The bottom line is that he wants gay people to “feel isolated and ashamed,” period. Suicide is to be regretted because a body count is bad PR, and it’s a lie when an idiot prancing towards armageddon claims that he grieves over the death of one. He wants the death of billions, and he’s also happy to spread misery through oppression while he’s waiting for the last trump.

But they didn’t even get their hands dirty!

We’ve all heard about the Chilean miners trapped in a cave-in, who have been sustained for over two months by supplies delivered through a narrow tunnel drilled down to them. Their rescue is imminent, with an escape tunnel being drilled and almost at their position — they should be out this week. Personally, I credit technology with saving them, but…three religious groups are squabbling over which version of god deserves thanks.

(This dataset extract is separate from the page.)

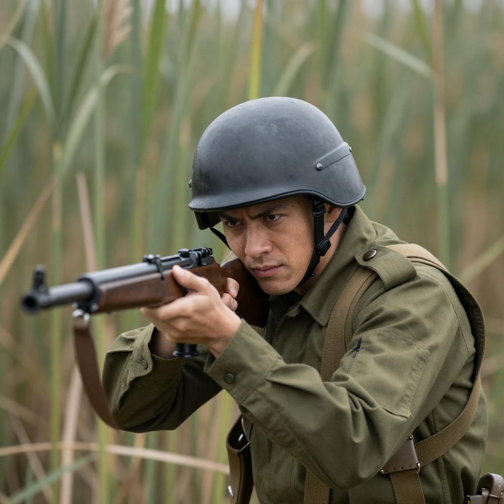 Soldier with intense expression, crouching in tall green and brown reeds, aiming a rifle forward. Wearing a black helmet and olive green uniform. Close-up shot, soldier in foreground, dense reeds in background. Photographic style.
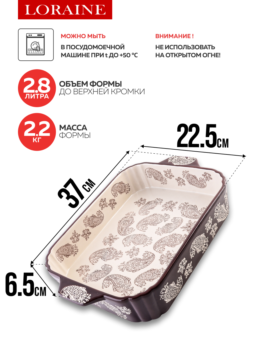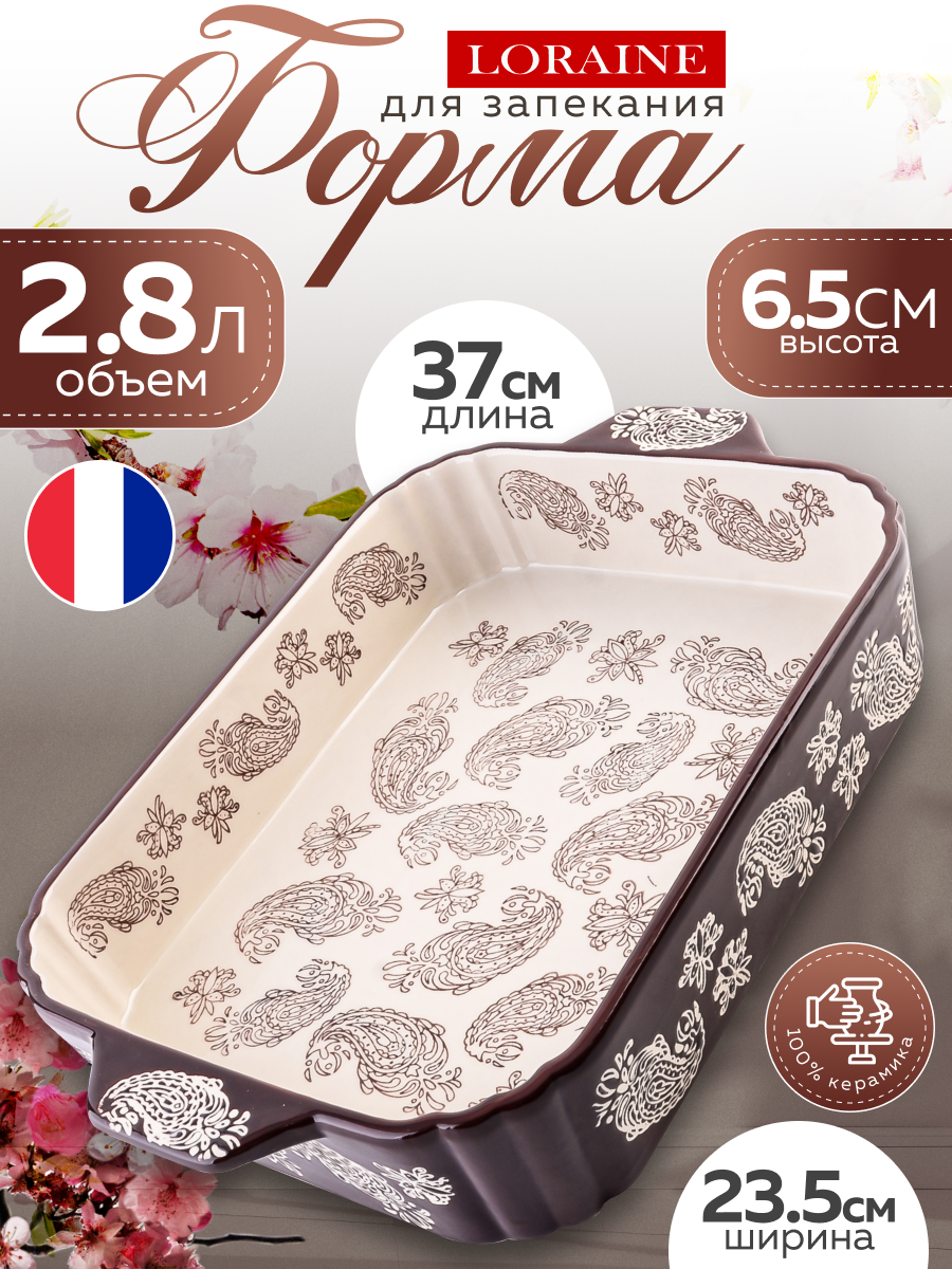 Купить Форма для запекания Loraine, керамика, прямоугольная, для СВЧ, коричневая с доставкой по всей России. Форма для запекания Loraine, керамика, прямоугольная, для СВЧ, коричневая: сравнение цен, характеристики, фото, актуальное наличие и цены.

The three Christian denominations have each claimed credit for what they say is divine intervention in the survival – and expected imminent rescue – of the 33 men who have spent 67 days beneath the earth.

“God has spoken to me clearly and guided my hand each step of the rescue,” said Carlos Parra Diaz, a Seventh-day Adventist pastor at the San Jose mine. “He wanted the miners to be rescued and I am His instrument.”

Yards from where he spoke Caspar Quintana, the Catholic bishop of Copiapo, prepared an altar to celebrate an outdoor mass for a small congregation of miners’ relatives and phalanx of TV cameras. “God has heard our prayers,” said the bishop. “I have received comments of encouragement from all over the world. Let us give thanks.”

A litte bit further up the hill of Camp Hope, the improvised settlement of miners’ families, rescuers, government officials and media, an evangelical preacher, Javier Soto , wandered from family to family with a guitar and songs of praise. “He listens to the music,” said the pastor, gesturing to the azure sky.

You know, the drill hasn’t quite reached the miners. Maybe we should just shut down the machinery, withdraw all the tools and the laborers, and have Mr Diaz, Mr Quintana, and Mr Soto stand above the men and use their magic to complete the rescue. That would be impressive.

I’d also like to see the three frauds step forward and take the blame for all mining deaths, as well.